WHAT YOU SHOULD DO: Which lines of the records below contain the word "fabric"? Report each of them in full.
[Opening EXTRACTED INFORMATION section]
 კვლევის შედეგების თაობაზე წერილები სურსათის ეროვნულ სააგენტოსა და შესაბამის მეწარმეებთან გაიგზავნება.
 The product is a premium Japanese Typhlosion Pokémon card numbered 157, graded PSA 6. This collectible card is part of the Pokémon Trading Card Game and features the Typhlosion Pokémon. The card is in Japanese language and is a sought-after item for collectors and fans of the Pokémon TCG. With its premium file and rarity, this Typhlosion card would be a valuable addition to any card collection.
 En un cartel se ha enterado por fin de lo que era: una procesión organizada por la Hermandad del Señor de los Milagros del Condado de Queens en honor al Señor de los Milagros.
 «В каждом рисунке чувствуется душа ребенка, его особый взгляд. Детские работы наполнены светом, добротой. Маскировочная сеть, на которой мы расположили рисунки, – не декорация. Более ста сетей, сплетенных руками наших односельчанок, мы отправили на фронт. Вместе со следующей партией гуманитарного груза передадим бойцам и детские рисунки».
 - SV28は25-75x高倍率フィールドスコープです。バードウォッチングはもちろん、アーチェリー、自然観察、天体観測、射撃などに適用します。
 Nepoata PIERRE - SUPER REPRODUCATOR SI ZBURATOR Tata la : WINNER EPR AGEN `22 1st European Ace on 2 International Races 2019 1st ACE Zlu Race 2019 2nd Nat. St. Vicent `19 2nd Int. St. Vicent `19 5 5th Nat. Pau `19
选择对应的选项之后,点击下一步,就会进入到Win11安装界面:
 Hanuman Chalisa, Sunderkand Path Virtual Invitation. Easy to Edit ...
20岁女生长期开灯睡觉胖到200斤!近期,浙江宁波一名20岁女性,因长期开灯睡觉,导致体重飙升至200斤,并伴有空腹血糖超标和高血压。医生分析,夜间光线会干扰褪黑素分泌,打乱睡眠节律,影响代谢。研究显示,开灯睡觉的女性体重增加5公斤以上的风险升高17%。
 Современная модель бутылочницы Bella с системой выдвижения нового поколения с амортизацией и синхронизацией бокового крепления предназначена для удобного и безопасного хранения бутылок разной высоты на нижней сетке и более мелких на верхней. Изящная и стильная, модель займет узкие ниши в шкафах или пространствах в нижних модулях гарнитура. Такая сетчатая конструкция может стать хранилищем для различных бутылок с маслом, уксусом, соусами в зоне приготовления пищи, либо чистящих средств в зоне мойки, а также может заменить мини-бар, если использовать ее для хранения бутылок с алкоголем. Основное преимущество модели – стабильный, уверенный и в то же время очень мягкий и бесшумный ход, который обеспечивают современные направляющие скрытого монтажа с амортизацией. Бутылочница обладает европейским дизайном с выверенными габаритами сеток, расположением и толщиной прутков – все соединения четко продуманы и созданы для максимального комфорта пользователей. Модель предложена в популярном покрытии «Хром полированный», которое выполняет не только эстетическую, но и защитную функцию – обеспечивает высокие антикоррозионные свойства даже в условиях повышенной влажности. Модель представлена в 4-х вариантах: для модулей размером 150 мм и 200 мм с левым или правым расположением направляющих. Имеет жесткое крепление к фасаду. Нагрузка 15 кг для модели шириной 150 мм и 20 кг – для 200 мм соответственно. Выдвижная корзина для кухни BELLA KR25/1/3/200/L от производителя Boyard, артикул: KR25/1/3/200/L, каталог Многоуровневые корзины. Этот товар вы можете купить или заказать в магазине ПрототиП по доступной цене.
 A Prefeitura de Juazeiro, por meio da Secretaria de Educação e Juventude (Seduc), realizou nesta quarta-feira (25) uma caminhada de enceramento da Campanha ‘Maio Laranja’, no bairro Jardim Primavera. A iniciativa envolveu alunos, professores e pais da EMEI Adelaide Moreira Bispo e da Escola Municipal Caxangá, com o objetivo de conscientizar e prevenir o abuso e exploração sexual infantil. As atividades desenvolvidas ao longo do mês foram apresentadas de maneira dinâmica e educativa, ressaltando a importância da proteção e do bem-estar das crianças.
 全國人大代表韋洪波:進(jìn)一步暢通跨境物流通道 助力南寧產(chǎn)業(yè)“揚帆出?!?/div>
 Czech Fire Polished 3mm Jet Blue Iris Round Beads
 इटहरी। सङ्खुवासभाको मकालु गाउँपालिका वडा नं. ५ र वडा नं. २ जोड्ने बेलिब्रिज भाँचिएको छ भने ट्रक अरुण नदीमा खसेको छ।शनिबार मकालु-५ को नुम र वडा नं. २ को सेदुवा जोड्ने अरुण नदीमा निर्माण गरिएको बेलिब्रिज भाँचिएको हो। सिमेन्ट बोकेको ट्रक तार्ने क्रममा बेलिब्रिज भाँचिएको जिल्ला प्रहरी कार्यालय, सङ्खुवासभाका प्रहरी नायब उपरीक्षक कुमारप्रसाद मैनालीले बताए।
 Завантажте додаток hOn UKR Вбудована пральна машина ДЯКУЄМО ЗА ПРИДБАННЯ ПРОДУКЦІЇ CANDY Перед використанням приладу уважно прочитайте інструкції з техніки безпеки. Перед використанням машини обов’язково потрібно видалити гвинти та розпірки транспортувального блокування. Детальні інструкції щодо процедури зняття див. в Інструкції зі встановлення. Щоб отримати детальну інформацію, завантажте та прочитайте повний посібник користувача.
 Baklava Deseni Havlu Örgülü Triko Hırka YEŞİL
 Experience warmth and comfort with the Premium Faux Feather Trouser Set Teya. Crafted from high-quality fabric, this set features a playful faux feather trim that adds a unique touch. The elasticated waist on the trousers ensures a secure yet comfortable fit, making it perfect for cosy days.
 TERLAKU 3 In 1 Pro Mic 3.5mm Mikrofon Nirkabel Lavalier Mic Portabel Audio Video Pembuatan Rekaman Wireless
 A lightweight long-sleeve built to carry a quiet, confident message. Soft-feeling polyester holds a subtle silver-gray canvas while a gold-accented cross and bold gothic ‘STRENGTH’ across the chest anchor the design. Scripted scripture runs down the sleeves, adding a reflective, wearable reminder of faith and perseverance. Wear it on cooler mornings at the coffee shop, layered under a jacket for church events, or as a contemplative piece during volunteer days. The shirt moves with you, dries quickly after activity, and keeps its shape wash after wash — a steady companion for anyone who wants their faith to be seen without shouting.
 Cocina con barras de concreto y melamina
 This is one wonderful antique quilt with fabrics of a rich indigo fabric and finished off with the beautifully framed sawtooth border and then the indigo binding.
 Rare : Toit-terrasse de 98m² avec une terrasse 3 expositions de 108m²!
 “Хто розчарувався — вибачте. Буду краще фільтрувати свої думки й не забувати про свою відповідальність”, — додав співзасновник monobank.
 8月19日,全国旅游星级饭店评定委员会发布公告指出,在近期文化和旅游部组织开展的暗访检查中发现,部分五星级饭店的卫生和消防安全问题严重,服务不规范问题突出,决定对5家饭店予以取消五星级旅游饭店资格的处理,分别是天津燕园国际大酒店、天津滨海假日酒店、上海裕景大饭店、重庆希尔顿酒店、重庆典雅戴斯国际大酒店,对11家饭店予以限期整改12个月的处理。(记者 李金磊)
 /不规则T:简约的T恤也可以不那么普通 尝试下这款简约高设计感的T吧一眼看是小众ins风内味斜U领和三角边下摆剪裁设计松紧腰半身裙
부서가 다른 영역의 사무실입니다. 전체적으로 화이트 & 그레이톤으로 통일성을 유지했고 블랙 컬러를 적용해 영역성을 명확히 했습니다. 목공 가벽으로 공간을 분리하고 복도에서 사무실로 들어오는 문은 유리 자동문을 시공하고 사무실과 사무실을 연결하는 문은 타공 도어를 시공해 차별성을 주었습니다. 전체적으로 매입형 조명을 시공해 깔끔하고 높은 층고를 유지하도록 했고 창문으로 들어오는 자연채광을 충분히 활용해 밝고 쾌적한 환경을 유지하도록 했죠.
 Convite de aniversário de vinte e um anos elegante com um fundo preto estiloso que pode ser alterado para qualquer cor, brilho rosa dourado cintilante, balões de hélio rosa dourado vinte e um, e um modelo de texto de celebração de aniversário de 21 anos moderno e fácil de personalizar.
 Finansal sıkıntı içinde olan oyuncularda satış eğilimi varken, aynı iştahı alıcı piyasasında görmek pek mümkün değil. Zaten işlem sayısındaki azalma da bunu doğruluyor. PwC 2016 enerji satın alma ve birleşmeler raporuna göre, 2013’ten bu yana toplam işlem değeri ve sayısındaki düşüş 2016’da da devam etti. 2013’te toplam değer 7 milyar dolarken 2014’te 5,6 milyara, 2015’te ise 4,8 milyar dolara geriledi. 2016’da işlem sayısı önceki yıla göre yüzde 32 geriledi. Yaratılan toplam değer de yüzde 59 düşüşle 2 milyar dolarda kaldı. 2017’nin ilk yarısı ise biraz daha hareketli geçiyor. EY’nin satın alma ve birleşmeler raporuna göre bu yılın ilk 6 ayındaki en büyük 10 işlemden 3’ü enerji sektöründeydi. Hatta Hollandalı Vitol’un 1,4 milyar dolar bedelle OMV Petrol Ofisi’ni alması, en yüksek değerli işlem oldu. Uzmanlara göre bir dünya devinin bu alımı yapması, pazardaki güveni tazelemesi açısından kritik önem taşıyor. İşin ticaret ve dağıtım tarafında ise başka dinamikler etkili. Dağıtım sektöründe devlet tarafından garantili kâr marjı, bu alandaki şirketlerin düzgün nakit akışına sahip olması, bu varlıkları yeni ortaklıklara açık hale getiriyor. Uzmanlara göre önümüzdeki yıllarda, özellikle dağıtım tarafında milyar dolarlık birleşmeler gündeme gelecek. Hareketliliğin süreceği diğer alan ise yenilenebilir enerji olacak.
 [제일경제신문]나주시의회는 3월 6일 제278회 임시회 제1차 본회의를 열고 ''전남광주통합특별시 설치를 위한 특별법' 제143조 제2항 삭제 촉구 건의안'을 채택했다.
[Closing EXTRACTED INFORMATION section]
RESULT OF THE EXERCISE:
 Experience warmth and comfort with the Premium Faux Feather Trouser Set Teya. Crafted from high-quality fabric, this set features a playful faux feather trim that adds a unique touch. The elasticated waist on the trousers ensures a secure yet comfortable fit, making it perfect for cosy days.
 This is one wonderful antique quilt with fabrics of a rich indigo fabric and finished off with the beautifully framed sawtooth border and then the indigo binding.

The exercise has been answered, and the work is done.